By Alex P. Vidal
“Money cannot buy peace of mind. It cannot heal ruptured relationships, or build meaning into a life that has none.”—Richard M. Devos
THERE are public officials who don’t deserve to be in their elected or even appointed positions.
They happen to hold their positions in government not because of their intelligence, competence, gift or talent as public servants, but because of guns, goons, and gold.
There are cities, provinces, districts in the country that are deprived of quality public officials and public service because of the presence of warlords, drug lords, gambling lords, lunatics, mad men who have acquired private armies and ill-gotten wealth.
Either these warlords, drug lords, gambling lords, lunatics, and mad men are the ones holding key elected government positions like congressmen, mayors, and governors, or they finance the election of the public officials and, thus, they get what they want since these public officials who got elected because of the money of these bad elements have been reduced into chihuahuas. In other words, useless public officials.
But we know a lot of public officials who are not only mad men and lunatics but also warlords, gambling lords, drug lords.

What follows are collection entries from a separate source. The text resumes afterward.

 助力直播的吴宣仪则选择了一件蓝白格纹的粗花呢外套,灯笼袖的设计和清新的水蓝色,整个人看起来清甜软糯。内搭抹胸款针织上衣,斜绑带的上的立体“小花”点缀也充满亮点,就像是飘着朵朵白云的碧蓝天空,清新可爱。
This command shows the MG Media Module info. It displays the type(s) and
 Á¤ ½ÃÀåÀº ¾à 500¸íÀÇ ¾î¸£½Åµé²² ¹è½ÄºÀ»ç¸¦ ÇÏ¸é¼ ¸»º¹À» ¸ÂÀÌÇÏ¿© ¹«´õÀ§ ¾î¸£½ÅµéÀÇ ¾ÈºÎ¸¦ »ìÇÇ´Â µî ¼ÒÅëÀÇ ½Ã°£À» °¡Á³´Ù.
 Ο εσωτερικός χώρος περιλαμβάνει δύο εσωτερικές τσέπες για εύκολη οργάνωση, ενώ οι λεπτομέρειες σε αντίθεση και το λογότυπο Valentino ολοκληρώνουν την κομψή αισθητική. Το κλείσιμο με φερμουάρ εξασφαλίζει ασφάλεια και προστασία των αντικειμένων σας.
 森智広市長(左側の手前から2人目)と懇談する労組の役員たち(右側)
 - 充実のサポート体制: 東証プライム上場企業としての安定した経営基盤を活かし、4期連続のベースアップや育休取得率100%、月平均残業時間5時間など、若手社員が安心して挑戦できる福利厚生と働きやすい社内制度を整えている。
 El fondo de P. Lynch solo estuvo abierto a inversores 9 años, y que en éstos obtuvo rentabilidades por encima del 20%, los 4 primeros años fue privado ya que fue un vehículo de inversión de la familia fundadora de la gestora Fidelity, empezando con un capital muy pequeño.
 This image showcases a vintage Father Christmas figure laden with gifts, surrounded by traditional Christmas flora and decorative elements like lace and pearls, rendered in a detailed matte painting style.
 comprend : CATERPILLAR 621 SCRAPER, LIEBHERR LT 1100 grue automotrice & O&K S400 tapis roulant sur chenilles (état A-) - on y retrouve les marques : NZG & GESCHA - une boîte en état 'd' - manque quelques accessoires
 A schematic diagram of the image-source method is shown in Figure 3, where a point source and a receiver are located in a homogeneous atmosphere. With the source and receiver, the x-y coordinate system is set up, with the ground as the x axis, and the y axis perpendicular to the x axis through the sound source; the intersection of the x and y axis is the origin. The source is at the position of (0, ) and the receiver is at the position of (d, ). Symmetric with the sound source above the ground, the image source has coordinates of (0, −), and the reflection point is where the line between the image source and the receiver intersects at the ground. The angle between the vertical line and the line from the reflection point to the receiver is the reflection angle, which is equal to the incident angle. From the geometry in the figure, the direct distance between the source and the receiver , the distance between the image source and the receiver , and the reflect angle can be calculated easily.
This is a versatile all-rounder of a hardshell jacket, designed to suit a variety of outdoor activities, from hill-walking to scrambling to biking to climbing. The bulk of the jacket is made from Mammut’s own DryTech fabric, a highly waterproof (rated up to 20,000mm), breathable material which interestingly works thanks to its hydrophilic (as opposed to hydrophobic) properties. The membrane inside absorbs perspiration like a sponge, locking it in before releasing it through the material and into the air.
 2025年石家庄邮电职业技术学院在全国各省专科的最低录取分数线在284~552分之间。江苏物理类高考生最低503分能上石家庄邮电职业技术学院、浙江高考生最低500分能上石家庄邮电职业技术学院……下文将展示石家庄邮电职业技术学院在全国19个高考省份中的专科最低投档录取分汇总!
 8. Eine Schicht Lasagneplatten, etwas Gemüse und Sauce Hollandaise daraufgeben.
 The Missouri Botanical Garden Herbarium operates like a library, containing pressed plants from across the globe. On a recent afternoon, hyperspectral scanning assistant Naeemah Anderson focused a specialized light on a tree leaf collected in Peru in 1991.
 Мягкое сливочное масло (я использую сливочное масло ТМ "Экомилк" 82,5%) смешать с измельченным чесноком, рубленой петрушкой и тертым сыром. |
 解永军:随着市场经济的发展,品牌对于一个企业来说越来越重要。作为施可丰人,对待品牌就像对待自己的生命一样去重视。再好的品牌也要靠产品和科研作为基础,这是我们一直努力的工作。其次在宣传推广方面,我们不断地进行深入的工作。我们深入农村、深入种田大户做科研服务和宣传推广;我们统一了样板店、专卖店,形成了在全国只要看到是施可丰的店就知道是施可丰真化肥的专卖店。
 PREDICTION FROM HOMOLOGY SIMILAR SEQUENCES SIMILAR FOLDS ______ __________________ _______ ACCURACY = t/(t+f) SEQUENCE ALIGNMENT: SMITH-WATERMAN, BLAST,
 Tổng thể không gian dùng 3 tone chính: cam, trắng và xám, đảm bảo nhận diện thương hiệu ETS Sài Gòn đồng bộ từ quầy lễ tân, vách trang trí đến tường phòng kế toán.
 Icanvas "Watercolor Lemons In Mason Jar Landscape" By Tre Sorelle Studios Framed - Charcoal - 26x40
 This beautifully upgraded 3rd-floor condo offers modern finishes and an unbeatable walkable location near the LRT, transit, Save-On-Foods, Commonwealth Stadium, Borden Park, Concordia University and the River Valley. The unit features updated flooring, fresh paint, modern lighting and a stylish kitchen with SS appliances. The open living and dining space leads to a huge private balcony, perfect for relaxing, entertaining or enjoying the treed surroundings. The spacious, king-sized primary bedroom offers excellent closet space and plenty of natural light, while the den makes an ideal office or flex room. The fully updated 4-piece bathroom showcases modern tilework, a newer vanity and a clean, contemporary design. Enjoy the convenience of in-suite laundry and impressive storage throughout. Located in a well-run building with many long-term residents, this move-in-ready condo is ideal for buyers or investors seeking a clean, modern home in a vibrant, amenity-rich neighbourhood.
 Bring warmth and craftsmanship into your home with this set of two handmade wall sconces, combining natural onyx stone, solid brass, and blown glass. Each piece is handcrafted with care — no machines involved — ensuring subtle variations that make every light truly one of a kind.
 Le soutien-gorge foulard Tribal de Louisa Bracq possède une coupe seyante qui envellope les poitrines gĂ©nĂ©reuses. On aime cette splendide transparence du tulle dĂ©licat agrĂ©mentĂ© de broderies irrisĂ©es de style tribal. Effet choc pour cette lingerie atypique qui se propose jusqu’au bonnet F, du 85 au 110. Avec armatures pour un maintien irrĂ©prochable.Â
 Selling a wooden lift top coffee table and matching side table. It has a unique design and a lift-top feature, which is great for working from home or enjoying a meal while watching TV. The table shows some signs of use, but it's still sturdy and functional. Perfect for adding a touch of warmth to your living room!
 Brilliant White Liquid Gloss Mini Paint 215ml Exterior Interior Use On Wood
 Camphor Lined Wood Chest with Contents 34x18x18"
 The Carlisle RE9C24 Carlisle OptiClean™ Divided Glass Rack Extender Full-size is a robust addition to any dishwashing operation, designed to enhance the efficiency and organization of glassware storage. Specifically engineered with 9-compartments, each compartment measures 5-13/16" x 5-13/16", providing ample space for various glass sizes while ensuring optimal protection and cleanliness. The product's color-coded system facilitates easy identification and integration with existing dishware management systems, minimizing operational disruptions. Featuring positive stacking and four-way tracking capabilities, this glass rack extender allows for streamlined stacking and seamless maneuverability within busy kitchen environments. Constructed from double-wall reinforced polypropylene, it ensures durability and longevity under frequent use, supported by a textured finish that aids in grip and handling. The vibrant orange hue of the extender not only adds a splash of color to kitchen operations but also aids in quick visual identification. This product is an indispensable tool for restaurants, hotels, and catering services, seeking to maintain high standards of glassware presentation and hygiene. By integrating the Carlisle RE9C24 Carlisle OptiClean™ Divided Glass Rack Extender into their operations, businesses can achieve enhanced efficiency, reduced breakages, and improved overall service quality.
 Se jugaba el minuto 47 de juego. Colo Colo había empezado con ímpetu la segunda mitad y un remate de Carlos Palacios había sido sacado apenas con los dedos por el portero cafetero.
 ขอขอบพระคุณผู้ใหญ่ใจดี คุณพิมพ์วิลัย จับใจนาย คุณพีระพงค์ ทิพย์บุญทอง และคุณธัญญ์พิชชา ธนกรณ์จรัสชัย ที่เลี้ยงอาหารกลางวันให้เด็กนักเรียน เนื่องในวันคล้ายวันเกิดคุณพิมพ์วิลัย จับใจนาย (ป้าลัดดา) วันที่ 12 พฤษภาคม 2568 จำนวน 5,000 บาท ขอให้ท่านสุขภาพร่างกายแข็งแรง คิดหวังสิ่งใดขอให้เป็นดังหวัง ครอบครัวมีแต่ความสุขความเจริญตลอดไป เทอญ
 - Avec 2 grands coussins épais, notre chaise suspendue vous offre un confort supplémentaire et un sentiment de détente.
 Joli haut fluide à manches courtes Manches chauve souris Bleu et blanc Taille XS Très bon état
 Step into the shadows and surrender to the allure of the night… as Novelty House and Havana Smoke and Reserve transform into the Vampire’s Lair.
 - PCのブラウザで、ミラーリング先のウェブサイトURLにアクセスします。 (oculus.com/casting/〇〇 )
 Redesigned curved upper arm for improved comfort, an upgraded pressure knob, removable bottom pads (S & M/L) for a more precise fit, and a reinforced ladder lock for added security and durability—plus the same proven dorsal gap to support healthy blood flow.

A double jeopardy on the part of the taxpayers.
One of them, a mad man, will soon get his comeuppance for thinking he is the emperor in his province and district.
His election in the House of Representatives and subsequent reelection were the biggest disgrace in public service.
The mad man won because of terrorism (he terrorized his more-deserving political rivals; one of them got killed for being “more popular” in pre-election surveys).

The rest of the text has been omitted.